This tutorial is intended for MSSQL, but the code contents could be modified to work with Oracle, PostgreSQL, and any other database that handles CTEs (Common Table Expressions). Unfortunately, MySQL does not, so handling hierarchical data in MySQL must be achieved using different methodology. To find out if your DB handles CTEs, Wikipedia has an excellent resource available.
What you will need
- An intermediate knowledge of SQL, including use of the WITH clause, indexes, and variables.
- A database to work with where you have CREATE permissions for both tables and views.
- A coffee and a cushy chair.
The problem
When we want to create relational (normalised) data in a database, we create multiple tables to accomplish this. Take, for example, the scenario where we want to store the countries of the world, divided into continents. We could use a table schema such as this:
- Continents
ID
Name
Countries
ID
ContinentID
Name
This is all well and good if we know that we only ever want to store continents and countries, but what happens if we want to store states/provinces also? Well, we could create another table for these, but then what happens if we need districts, cities, suburbs, streets, street addresses, buildings, rooms, etc? You can see how the data schema might become extremely cumbersome very quickly.
A table-by-table data schema does not hit the mark when it comes to storing dynamically nested hierarchical data. Also, when it comes to querying this data, it can become extremely problematic for the SQL coder, and even the smallest schema change may have drastic trickle-down effects on applications that utilise the data schema.
The solution
We can avoid the problems associated with table-by-table relations by mapping out a single table schema that is self-referential. By this, I mean that instead of having a "Countries" table that references a "Continents" table (and so on), we simply have a "Locations" table that references itself.
For this, we need to structure our data in a specific manner.
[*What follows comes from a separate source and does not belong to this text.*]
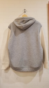 暖かボンバーヒート素材の身頃にお袖ニットの切り替え。お洒落なお紐や刺繍もポイントになり、スポーティさのない大人可愛いフーディに仕上がりました。

Each data node will require these attributes as a minimum:
- An ID
- Its parent's ID
- A name
- A sortkey (optional - the name could be used as the sort key)
Once we have alloted these values to our nodes, we will be able to create an extensive self-referential tree structure that can have dynamic depth. Note that this data is kept in one simple table, so to work with the data we can use Views, CTEs, and even table variables to quickly and easily query the hierarchy structure.
Let's begin by creating the Locations table in the database, along with a foreign key constraint against itself:
CREATE TABLE [dbo].[Locations]( [ID] [int] NOT NULL, [ParentID] [int] NULL, [Name] [nvarchar](1024) NOT NULL PRIMARY KEY CLUSTERED ( [ID] ASC ) WITH (PAD_INDEX = OFF, STATISTICS_NORECOMPUTE = OFF, IGNORE_DUP_KEY = OFF, ALLOW_ROW_LOCKS = ON, ALLOW_PAGE_LOCKS = ON) ON [PRIMARY] ) ON [PRIMARY] TEXTIMAGE_ON [PRIMARY] GO ALTER TABLE [dbo].[Locations] WITH CHECK ADD CONSTRAINT [FK_Locations_Locations] FOREIGN KEY([ParentID]) REFERENCES [dbo].[Locations] ([ID]) GO ALTER TABLE [dbo].[Locations] CHECK CONSTRAINT [FK_Locations_Locations] GO
Next, we'll insert some values into the table, so we have a nice structure to work with:
INSERT INTO LocationEntities VALUES (1, NULL, 'North America'); INSERT INTO LocationEntities VALUES (2, NULL, 'Europe'); INSERT INTO LocationEntities VALUES (3, 1, 'USA'); INSERT INTO LocationEntities VALUES (4, 1, 'Canada'); INSERT INTO LocationEntities VALUES (5, 3, 'California'); INSERT INTO LocationEntities VALUES (6, 2, 'United Kingdom'); INSERT INTO LocationEntities VALUES (7, 6, 'England'); INSERT INTO LocationEntities VALUES (8, 7, 'East Midlands'); INSERT INTO LocationEntities VALUES (9, 8, 'Derbyshire'); INSERT INTO LocationEntities VALUES (10, 9, 'Derby');
Running that query will produce the simple data structure that this tutorial will continue to work with. Note that I have set the ParentID of North America and Europe as NULL. This is because we are defining these two Locations as root nodes. Here's a visualisation of that data:
+---North America
| |
| +---USA
| | |
| | +---California
| |
| +---Canada
|
+---Europe
|
+---United Kingdom
|
+---England
|
+---East Midlands
|
+---Derbyshire
|
+---Derby
Creating Views for the hierarchy
So now that we have the data that we are going to work with, how do we work with it?
Well, there are two main tools you will need to work with this data effectively - a Tree View, and an Entity Parents View. Both of these Views will utilise CTEs, but in different manners. One will use top-down recursion, and the other will use bottom-up recursion.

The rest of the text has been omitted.